– Sen. Chuck Grassley today asked the maker of epinephrine injector Auvi-Q to explain its pricing, including which entities in the health care system will pay the cited price of $4,500 for a two-pack when consumers without insurance will pay $360 for the product. Grassley said the pricing of Auvi-Q “appears to draw parallels with concern about EpiPen’s pricing structure.”
“Kaléo has offered various patient support programs in an effort to ensure that some patients pay effectively nothing for the Auvi-Q,” Grassley wrote to Spencer Williamson, president and chief executive officer of Kaléo Pharmaceuticals. “However, your pricing structure may simply shift the burden and cost to another entity within the health care system. With respect to your choice of price, a number of insurance companies and pharmacy benefit managers do not support the strategy and have stated they will not be adding the Auvi-Q to their list of covered medications.”
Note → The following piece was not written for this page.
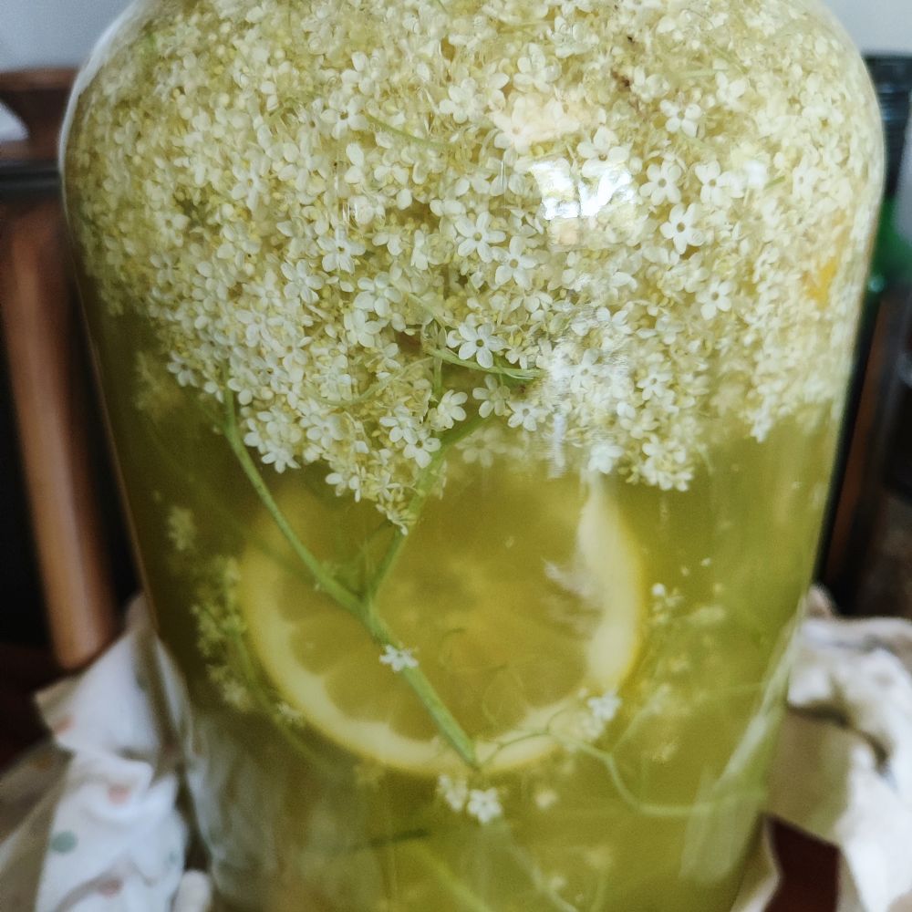 Într-un borcan curat de 4 L, se pun feliile de lămâie, florile, mierea și apa. Se amestecă cu o lingură de lemn și se acoperă cu un castron sau o farfurie. Nu se pune capac înfiletat, ca să nu se facă presiune în timpul fermentării.
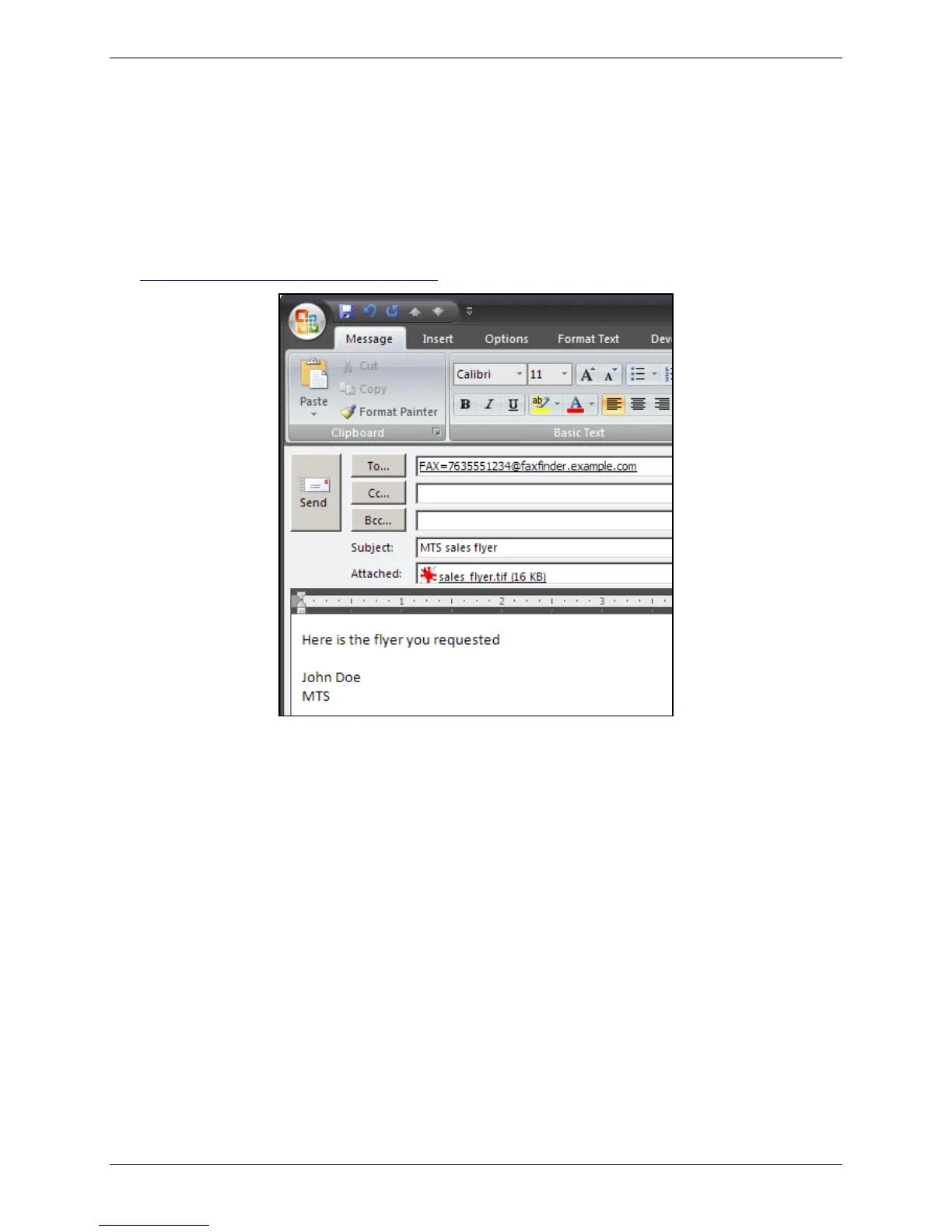 You can send an email as a fax using the T.37 format in the To field in Microsoft Outlook. You will need

Grassley asked a series of questions to understand the pricing decision-making, including whether patient access and research and development costs were factors in the $4,500 price; whether any entity in the health care system will have to pay $4,500 and if so, which entity; and for an explanation of how the pricing structure will result in reduced prices to the consumer.
Grassley began looking at EpiPen’s pricing last year after Iowans raised concern to him about high prices for the product. The EpiPen maker, Mylan, gave an incomplete response to his inquiry. Grassley continues to the press the federal government on the misclassification of EpiPen under the Medicaid Drug Rebate Program, which resulted in overcharges of potentially hundreds of millions of dollars to states and taxpayers. President Trump’s nominee to lead the Centers for Medicare and Medicaid Services pledged to produce records on the misclassification. Grassley requested those records from the Obama Administration, which claimed it took action on the problem, to no avail.